The results found here clearly show that the original NCEP-CFSR precipitation is not suitable to apply for streamflow simulations in Malaysia, which is in agreement with the findings of Monteiro et al. [
27], Roth and Lemann [
64] and Bressiani et al. [
87] for other tropical or sub-tropical conditions. However, the results found here conflict with the findings of Jajarmizadeh et al. [
88], who report successful SWAT streamflow simulation results using the NCEP-CFSR data for the Roodan watershed that is located in southern Iran. Differences in climate and geographical conditions are the most likely explanation for such differences between the Jajarmizadeh et al. [
88] study and the results reported in this research and other previously cited studies. In addition, the streamflow overestimation that resulted from the use of the NCEP-CFSR data in this study could be related to possible problems that occur over tropical regions [
70], including the effects of the satellite algorithms on precipitation estimation and the CFSR model parameterizations.

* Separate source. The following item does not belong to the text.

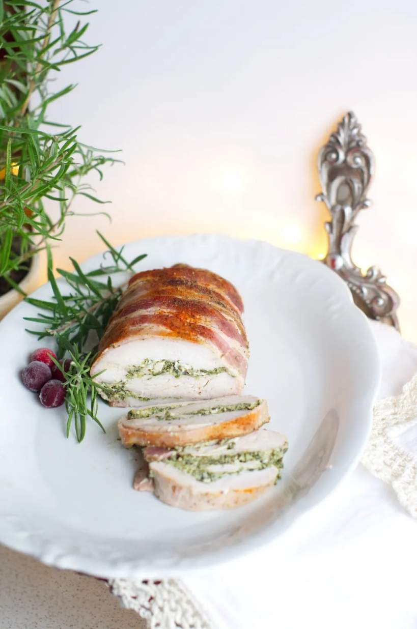 Aromatyczna rolada z kurczaka owinięta plastrami wędzonego boczku, z nadzieniem z fety i szpinaku. Pyszna przekąska zarówno na zimno do chleba, jak i na ciepło w postaci obiadu lub kolacji. Nadzienie jest arom[…]

In general, the performance of the APHRODITE data was better for the KRB compared to the JRB. This is due in part to a more complete distribution of rain gauges for the KRB versus the JRB (
Figure 1); the JRB lacks long-term climate data representation in the northern part of the basin. In addition, the PERSIANN-CDR precipitation-based SWAT simulation also performed better for the KRB, which is consistent with Zhu et al. [
29] who found that the PERSIANN-CDR data resulted in a smaller relative error in a data-rich region. These results are consistent with previously reported findings that improved SWAT hydrologic simulations usually occur in response to precipitation inputs characterized by higher resolution, versus lower resolution precipitation inputs [
89,
90,
91].
As shown in
Table 6, we also found that the effect of the basin size proved to be of minor importance compared to the performance of the three GCPs. For instance, the NCEP-CFSR data performed poorly in both basins, regardless of size and flow characteristics, while the APHRODITE precipitation resulted in the best performance for both basins. We also note that differences in sub-basin and/or HRU delineations, while not investigated in this study, typically do not impact SWAT streamflow and other hydrologic outputs as discussed in a previous review of SWAT literature [
48] and reported in several subsequent SWAT applications [
92,
93,
94,
95].
Finally, it is important to emphasize that there were distinct periods within the overall simulation timeframe in which prevailing periods of bias actually were reversed for a specific GCP; e.g., streamflow extremes were overestimated during periods where precipitation extremes were underestimated. For example, the PERSIANN-CDR underestimated the Rx1d precipitation index by about 45% during 1989, but the corresponding Rx1d streamflow index was overestimated by 31.3%. This is consistent with the findings of a similar study conducted by Zhu et al. [
29] for the Xiang River and Qu River watersheds in China. This finding indicates that there are certain periods where the precipitation generated by GCPs is unlikely to accurately capture the amount and durations of extreme events. This is further exacerbated by the fact that there is a variation between the precipitation and streamflow extremes temporal scales. For example, peak streamflow usually occurred a few days/hours after the corresponding peak precipitation, but the peak streamflow normally represents an accumulation of precipitation events that occurred over several days/hours.